My Why

When people found/find out that I had cancer, the most common reaction was “my gosh, but you’re so young?”


And the truth here, even though many refuse to want to believe it, is that cancer does not care. Cancer knows no age.
It hits people every day of the year. It doesn’t take breaks for holidays or special events.


Cancer of any and all kinds is the second leading cause of death in the United States, exceeded only by heart disease.
That means 1 out of every 4 deaths is from cancer. For ovarian cancer alone, another woman is diagnosed every 24
minutes. And for young adults like me, 72,000 are diagnosed with cancer in the US alone-- one person every 8 minutes.  

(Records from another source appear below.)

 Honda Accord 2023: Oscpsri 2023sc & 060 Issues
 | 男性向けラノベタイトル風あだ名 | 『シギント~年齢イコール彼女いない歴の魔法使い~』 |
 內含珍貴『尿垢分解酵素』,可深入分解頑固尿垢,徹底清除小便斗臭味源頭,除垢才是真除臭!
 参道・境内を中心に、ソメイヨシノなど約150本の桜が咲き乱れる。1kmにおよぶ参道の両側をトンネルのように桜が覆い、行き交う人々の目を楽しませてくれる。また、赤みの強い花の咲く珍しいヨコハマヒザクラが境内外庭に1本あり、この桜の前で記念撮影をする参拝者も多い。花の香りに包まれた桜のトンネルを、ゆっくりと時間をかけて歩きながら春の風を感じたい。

However, there are brighter numbers. There are more than 30 million cancer survivors in the world today, and I hope
that number is increasing as we speak. In that hope, comes my desire to be a cancer advocate.

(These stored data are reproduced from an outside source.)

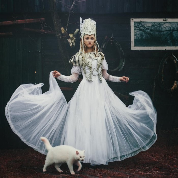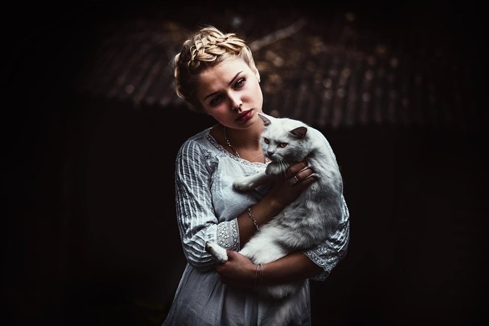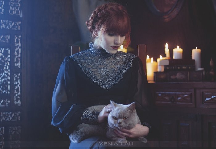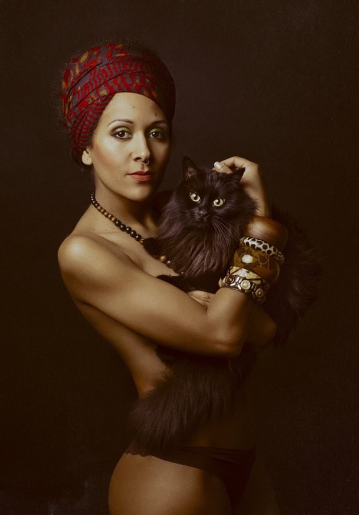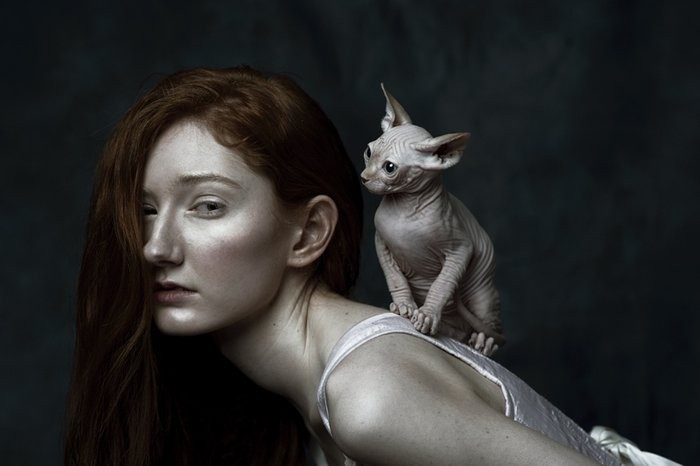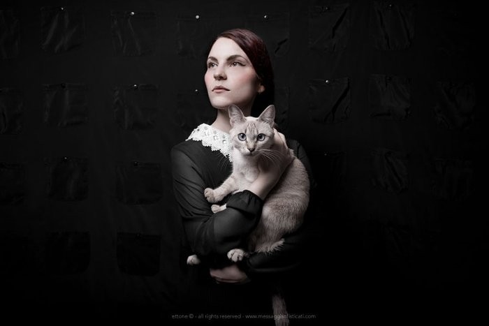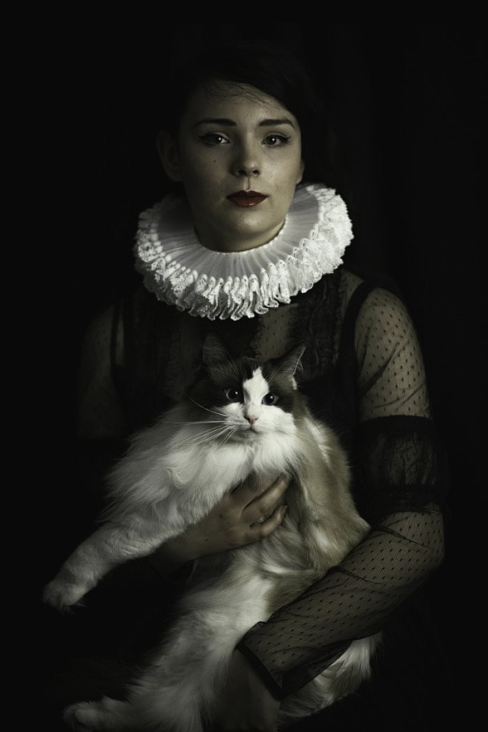 Fotoğraflarda Rönesans döneminden esinlenerek çalışılmış. Kadınlar ve kediler.. Sanki bir Rönesans tablosundan fırlamış gibi.
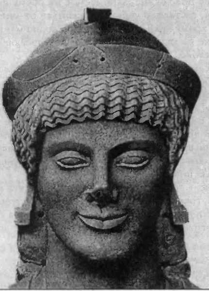 Голова Афины с западного фронтона храма Афайи в Эгине. Ок. 500 г. до н.э.
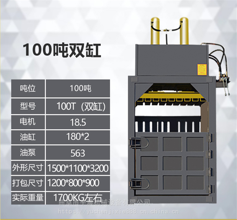 宇晨机械液压打包机可用来回收压缩硬纸板、废薄膜、废纸、泡沫塑料、饮料罐和工业边角料等包装材料及废品。立式液压打包机主要由液压缸、电机与油箱、压盘、箱体及底座、上门、下门、门闩、打包带支架、铁支等构成。这种液压打包机减少废物存储空间,节约达80%的堆放空间,降低运输费用,同时有利于环保和废物回收,是制造商和批发零售商处理囤积废物的理想选择。 这款小型立式打包机可广泛应用于餐饮业、仓储物流、医用废料、商场、制造业、食品行业和其他工商企业

Now, I may contradict myself here for those of you who knew me throughout the heavy part of the journey. During
chemo, if I was having a good day-- light symptoms, minimal anxiety-- I wouldn’t associate with cancer. I refused to
call myself a cancer patient. I refused to think about it. And I refused to let others talk about it, which sometimes
didn’t come off in the nicest of ways.


But as the time went on during my survivorship, all I wanted to do was/is educate others through my story and through
what I know. I don’t think any survivor of any disease or situation should feel obligated to give back or help others.
Some people simply want to finish treatment and move on with life. That’s okay. We all survive as we know how.
Many people decide years after treatment to start volunteering, when they’re ready.

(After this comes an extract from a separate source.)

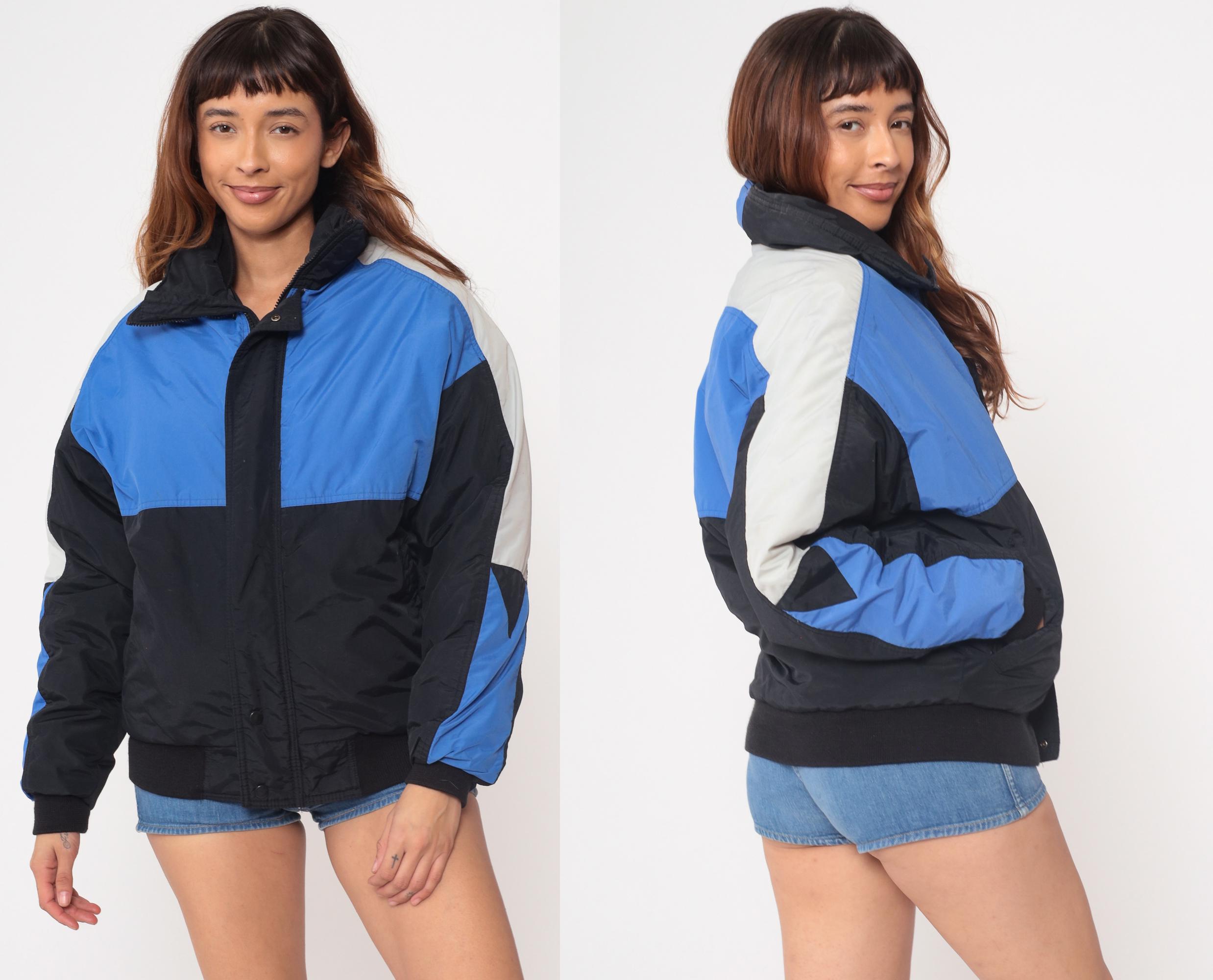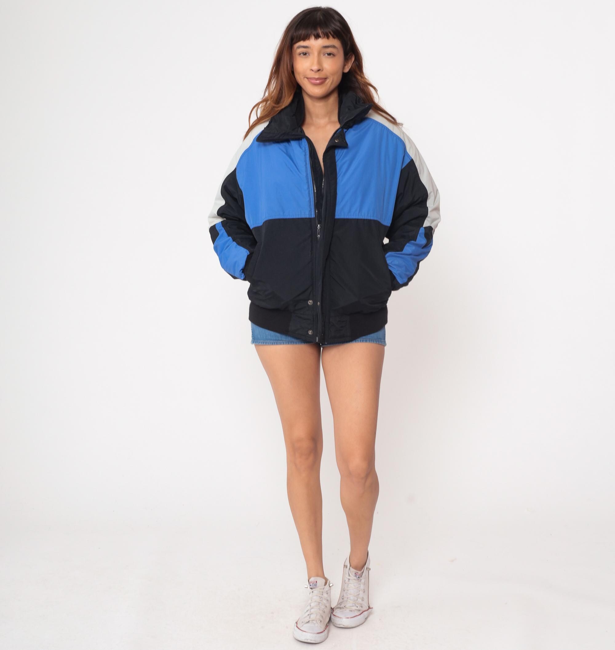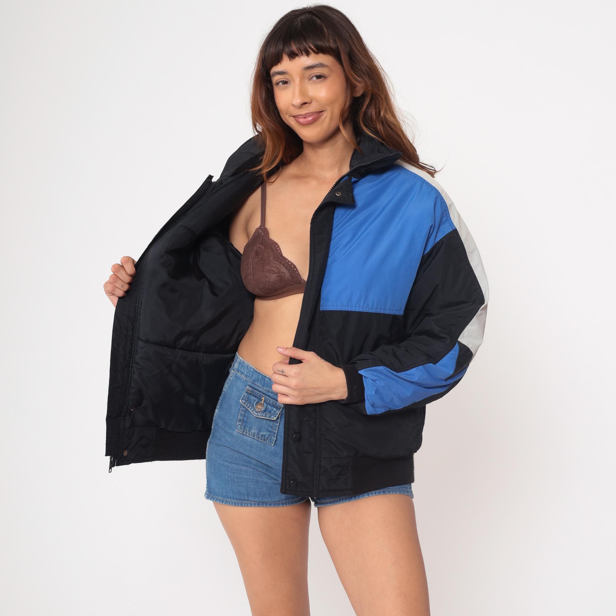 Vintage 90s color block windbreaker by Field and Stream. Blue, black, and white panels. Front zip closure. Stand-up collar. Elastic cuffs and waistband. Two front pockets. Nylon shell with polyester fill. Lined interior. Bomber jacket style.

One day, when I’m ready, my goal is to join organizations and volunteer for nonprofits and special events, supporting
those in need any way I can. I say “when I’m ready” for  a multitude of reasons, but I think the most important one to
note (other than my current timeline) is the association-pains of going back. I’m positive there are plenty of
opportunities outside of the hospital where I received treatment, but the thought of immersing myself in a place where
I felt the most nauseas and vulnerable just doesn’t sound beneficial in any way right now.


Once I journal my experiences and uncover my feelings more, I may be able to cope better with surrounding myself
with sick people. As for now, I hope to advocate for cancer patients, survivors, family members, caregivers, and those
we lost by sharing my story and tips, inspiring and educating others, and being there for anyone who needs it through
this platform.

I’m pretty open about my cancer journey and post-treatment life. I realized early during treatment that sharing my
experiences might help others going through similar experiences, as well as those friends, family members and
caregivers also affected. Frankly, it’s the only way I know to be . . . having cancer wasn’t a choice I had, but using
that experience to help others is a choice I gladly make.